Mas no último domingo aconteceu um negócio bem bonito. Tiazola da negatividade tava aqui, deitadona no sofá, comendo a sua maçãzinha "única coisa que não me ataca o estômago" e começou a ginástica artística feminina. Aquelas meninas tão novinhas e tão bonitas. E tanto equilíbrio, pirueta, força e ginga. Vovó reclamou um pouco, ficou um tanto aflita em seu estilo idosa que vê desgraça em tudo: "Ai se essa criança quebrar o pescoço, morre na hora!". Mas de repente ficou quieta, disfarçou umas lágrimas... e acabou chafurdada num choro infinito.
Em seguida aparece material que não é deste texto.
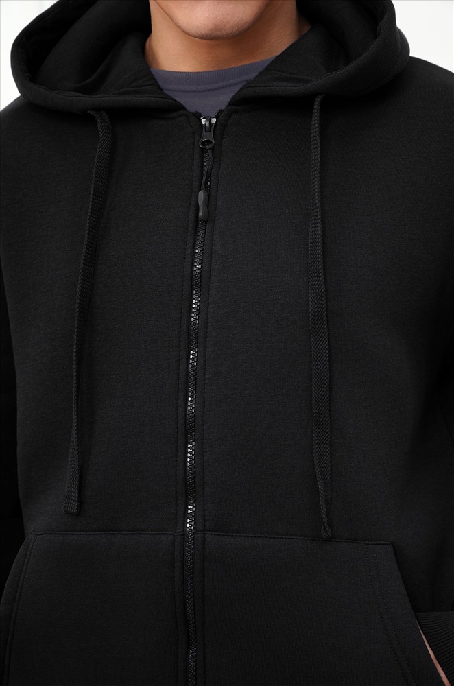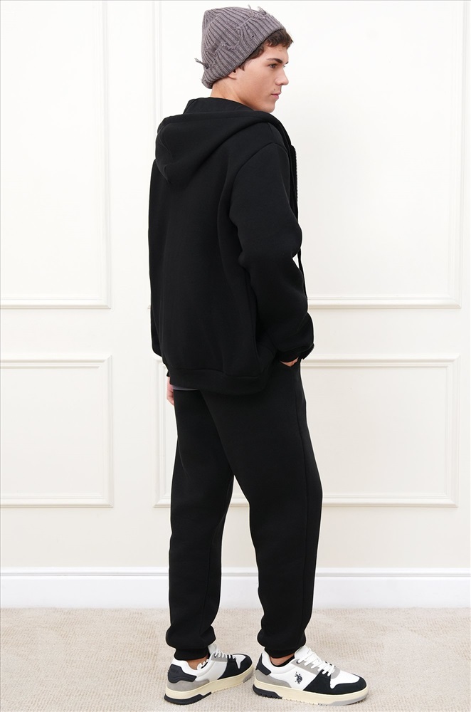 Теплый мужской костюм черного цвета от бренда Happyfox выполнен из трикотажа футер с начесом. В комплект входят толстовка с капюшоном и брюки-джоггеры, созданные для максимального комфорта и свободы движений.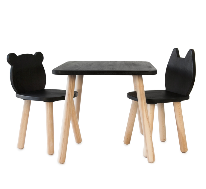 Дитячий комплект стіл та 2 стільці KASHTANCHIK (котик та ведмедик) 2-4 роки чорний
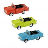 Vychutnejte si nostalgii na čtyřech kolech s ikonickým modelem TRABANT kabriolet 1:32. Kovové (die-cast) provedení, autentické detaily karoserie a interiéru a plynulá jízda na zpětný setrvačník z něj dělají skvělý dárek pro děti od 3 let i stylový sběratelský kousek.
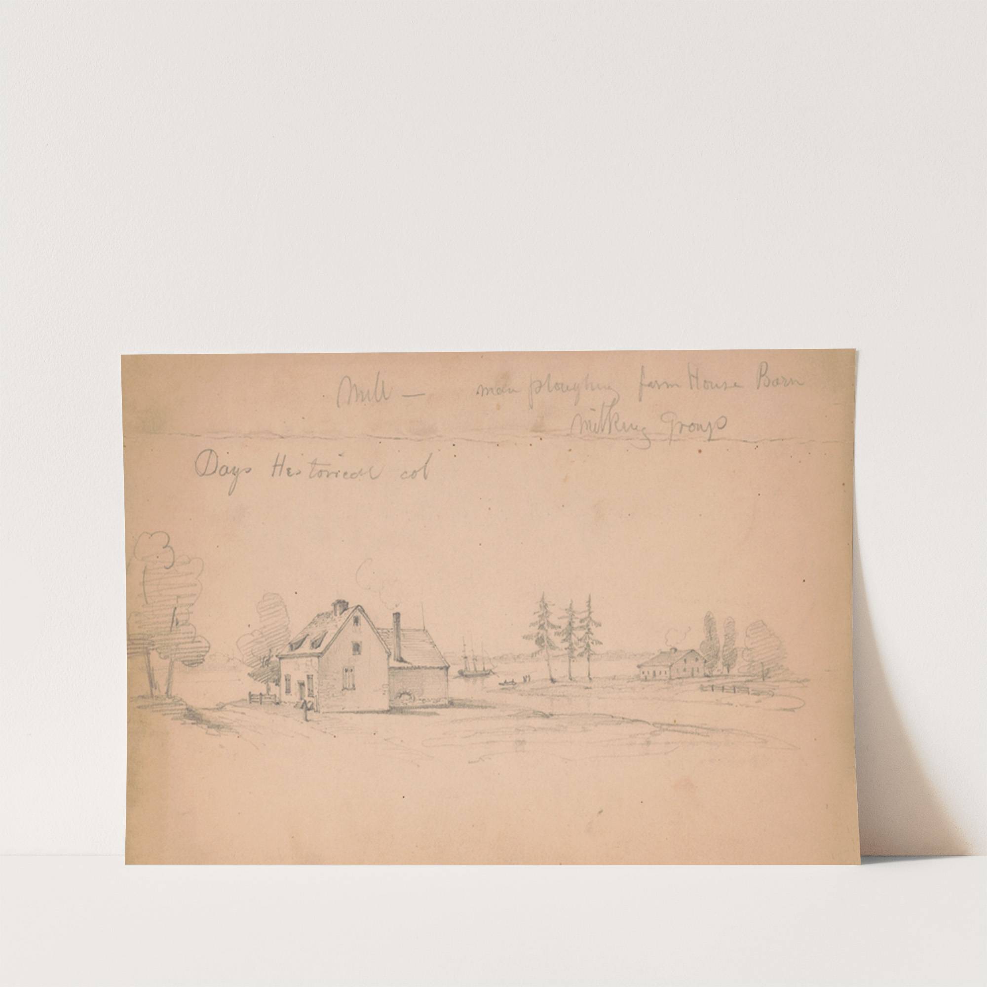 Days historical col. Mill – men ploughing farm house barn – milking group. (1840-1870) by James Fuller Queen - Wall Art Print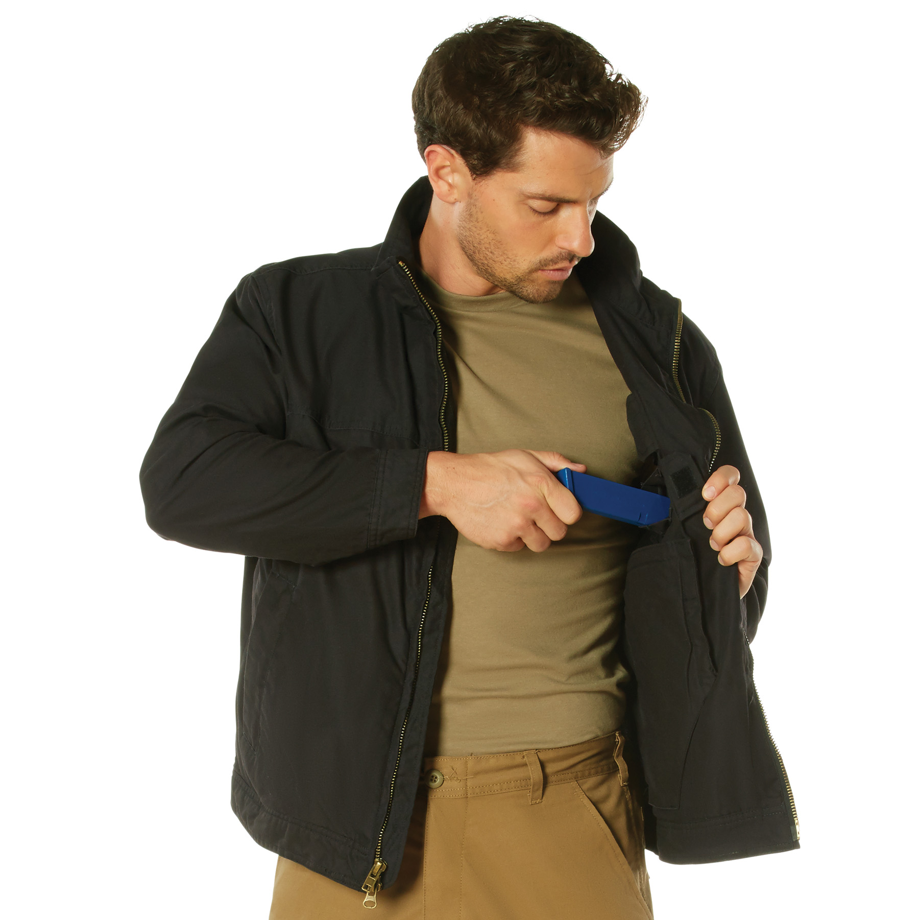 Discover Rothco’s Lightweight Concealed Carry Jacket, a versatile 3-season jacket with ambidextrous concealed pockets and inner gear pouches. Stylish and functional, it's perfect for those who prioritize both fashion and functionality. Tactical Pockets: Access Your Gear From Either Side For Quick And Discreet Retrieval. Inner Gear Pouches: Four Hook And Loop Pouches Keep Your EDC Essentials Organized And Easily Accessible. Tricot-Lined Zipper Pockets: Stay Warm With Two Tricot-Lined Front Zipper Pockets For Added Comfort And Storage. Quick Access With Two-Way Zipper: Sturdy Brass Zipper Allows Quick Access To Your Gear When Needed. Adjustable Fit: Lightweight And Durable, The Jacket Features Button Adjustment Waist Straps For A Perfect And Comfortable Fit.

Confessou que estava segurando esse rio lacrimal desenfreado desde a festa de abertura, que considerou primorosa (menos as roupas de flechinhas e as bicicletinhas floridas –concordo).
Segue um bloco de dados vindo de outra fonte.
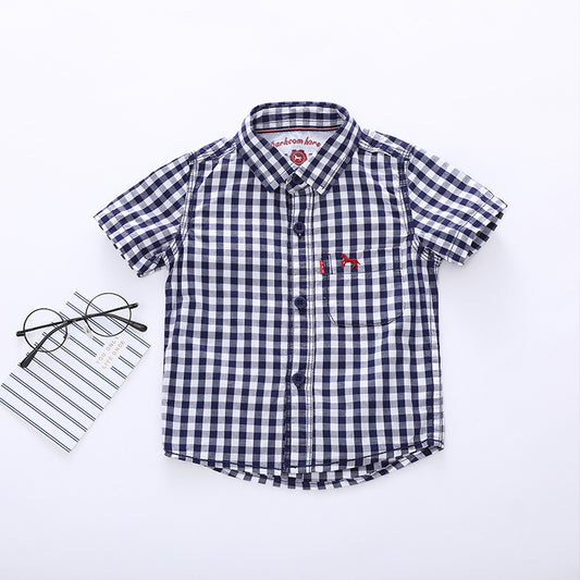Retro Style Boy Checker Collar Shirt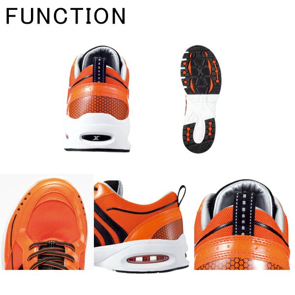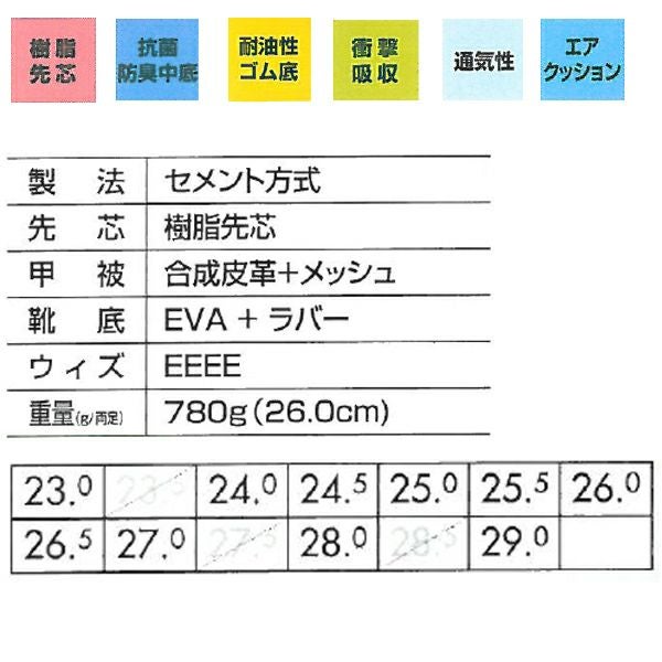 | 特徴 | 1、樹脂先芯 2、抗菌・防臭中底 3、衝撃吸収 4、耐油性ゴム底 5、通気性 6、エアクッション 7、AIRタンク 8、通気性の良いメッシュ素材。 9、かかと反射材を使用 10、オリジナルラバーソール 11、靴底の色は全色共通 |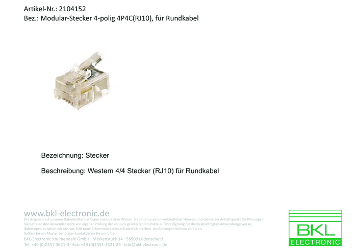 BKL Electronic 142141 Złącze RJ, RJ10, piny:4P4C, 1 szt.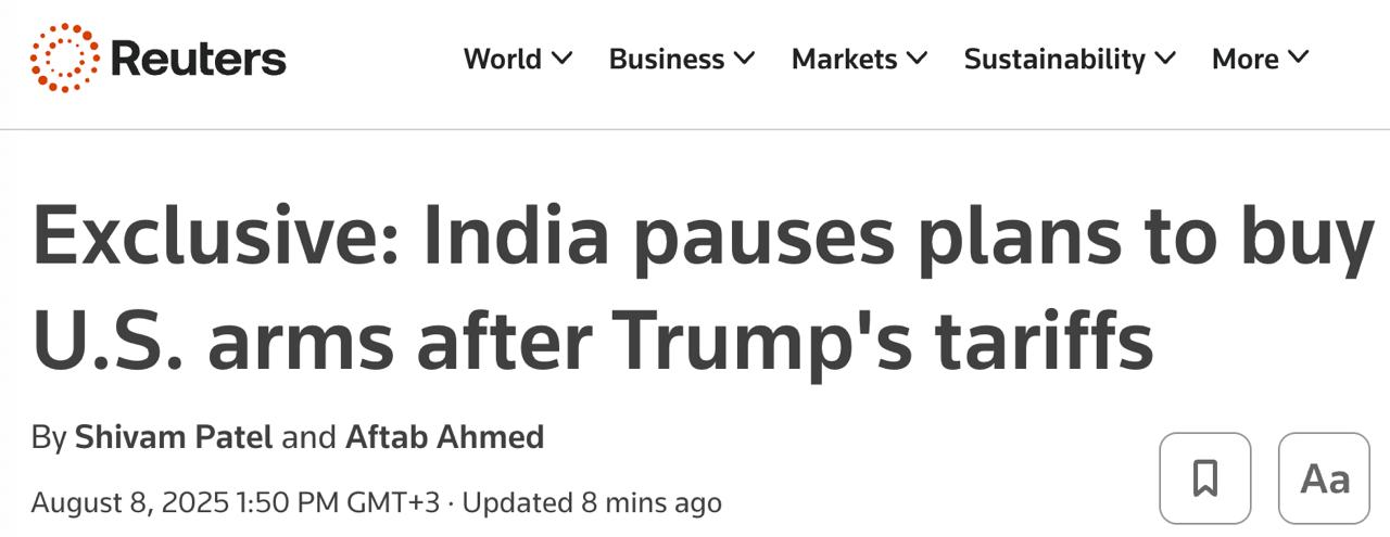 Индия приостанавливает планы по покупке американского оружия и самолетов из-за новых пошлин Трампа - Reuters

Desde então, nos emocionamos todos os dias. Ouro no judô, beijo lésbico no rúgbi, vôlei feminino, vôlei masculino, o menino de 19 anos que fez gol. A gente não lembra muito o nome das pessoas, mas chora e torce sem parar. A coisa de ficar muito ansiosa com tantas competições no mesmo horário nem chegou a piorar nosso sopro na válvula mitral: estamos protegidas pela felicidade. Temos um pouco de tesão nas bolotas-chupões no corpo do Phelps. É muito tesudo um cara que ganha dois ouros em tão pouco tempo. Quem diria! Tiazola da negatividade falando tesão e tesudo em tão pouco tempo! Quando mostra o povo nas arquibancadas mandando tchauzinho, a gente devolve o tchauzinho. Ontem senhora vodu, depois de procurar passagem pro Rio (fiquei chocada!) defendeu o Brasil (fiquei boquiaberta!). "Brasileiro não torce errado, seu Zé Mané gringo, é que brasileiro é beeem mais legal que você!".